Stratovolcano in Parinacota Province, Chile

Tacora is a stratovolcano located in the Andes of the Arica y Parinacota Region of Chile. Near the border with Peru, it is one of the northernmost volcanoes of Chile. It is part of the Central Volcanic Zone in Chile, one of the four volcanic belts of the Andes. The Central Volcanic Zone has several of the highest volcanoes in the world. Tacora itself is a stratovolcano with a caldera and a crater. The youngest radiometric age is 50,000 years ago and it is heavily eroded by glacial activity.

Volcanism in the Central Volcanic Zone results from the subduction of the Nazca Plate beneath the South America Plate. Tacora is constructed on the so-called "Arica Altiplano" and is part of a north–south alignment of volcanoes. Tacora itself has uncertain reports of historical eruptions and there are active fumaroles.

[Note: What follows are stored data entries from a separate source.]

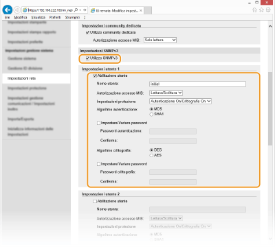 Selezionare la casella di controllo [Utilizzo SNMPv3].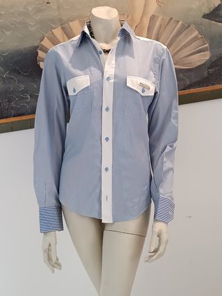 Bellissima Camicia Rossodisera tg. S Nuova, colore blu con le sfumature, 100% cotone, made in Italy, con le strazz ricamati sul torace, 2 tasche piccole esterni. Lunghezza 70 cm., manica 64 cm., spalle 42 cm., torace/ ascelle 50 cm., vita 41 cm.
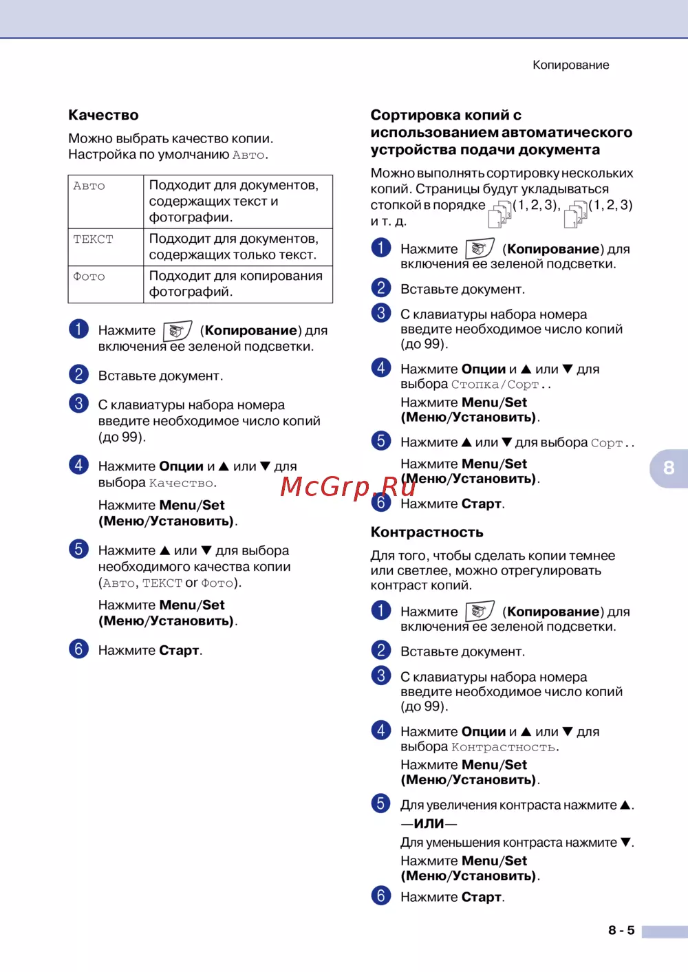 Brother MFC 7820N — как настроить качество и сортировку копий документов [76/149]

The fumarolic activity has resulted in the emplacement of substantial deposits of sulfur, which were already mentioned centuries ago. Towards the latter 19th century, systematic mining of the sulfur deposits of Tacora occurred and substantial mining infrastructure was constructed on the mountain.

== Etymology ==
The origin of the toponym Tacora, according to what was stated in 1899 by the lawyer and diplomat Astaburuaga Cienfuegos, comes from the term tacuri, of Quechua origin, meaning restlessness or commotion. However, more recently, the scholar Mamani has argued that Tacora derives from the term taqura, of Aymara origin, referring to a loom instrument and a type of totora reed.

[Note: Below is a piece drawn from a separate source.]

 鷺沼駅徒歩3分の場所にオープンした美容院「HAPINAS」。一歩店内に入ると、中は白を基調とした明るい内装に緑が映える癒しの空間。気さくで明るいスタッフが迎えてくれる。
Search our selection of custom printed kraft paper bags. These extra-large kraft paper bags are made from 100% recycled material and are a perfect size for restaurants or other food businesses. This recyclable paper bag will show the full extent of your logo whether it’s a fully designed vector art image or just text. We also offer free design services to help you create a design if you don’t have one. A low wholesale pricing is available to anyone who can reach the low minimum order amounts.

== Geography and geomorphology ==

Tacora lies in the Arica y Parinacota Region of Chile, about 100 km northeast of Arica. It is among the northernmost volcanoes of Chile and poorly known.

Tacora is part of the Central Volcanic Zone, one out of several volcanic belts of the Andes. The Central Volcanic Zone is one of the world's major volcanic provinces and features both a high density of volcanoes and some of the tallest volcanic edifices in the world. Volcanoes in the Central Volcanic Zone include Sabancaya, El Misti and Ubinas in Peru and Tacora, Isluga, Irruputuncu, Ollague, San Pedro, Putana, Alitar, Lascar and Lastarria in Chile, Bolivia and Argentina; there are about 34 volcanoes in the Chilean portion of the Central Volcanic Zone alone. Of these Lascar is considered to be the most active, with a large eruption in 1993. Aside from volcanoes, the Central Volcanic Zone also features geothermal fields such as El Tatio.

The volcano is a 5980 m high cone with a summit caldera that opens northwest and a 500 m wide crater below the summit within the caldera scarp. Steep lava flows form the bulk of the edifice, along with lava domes and pyroclastic material, and rise about 1.7 km above the surrounding terrain. The edifice is heavily eroded with about 32 m of rocks gone but still has a circular shape. There are traces of a sector collapse scar and of the resulting debris avalanche on the southeastern flank.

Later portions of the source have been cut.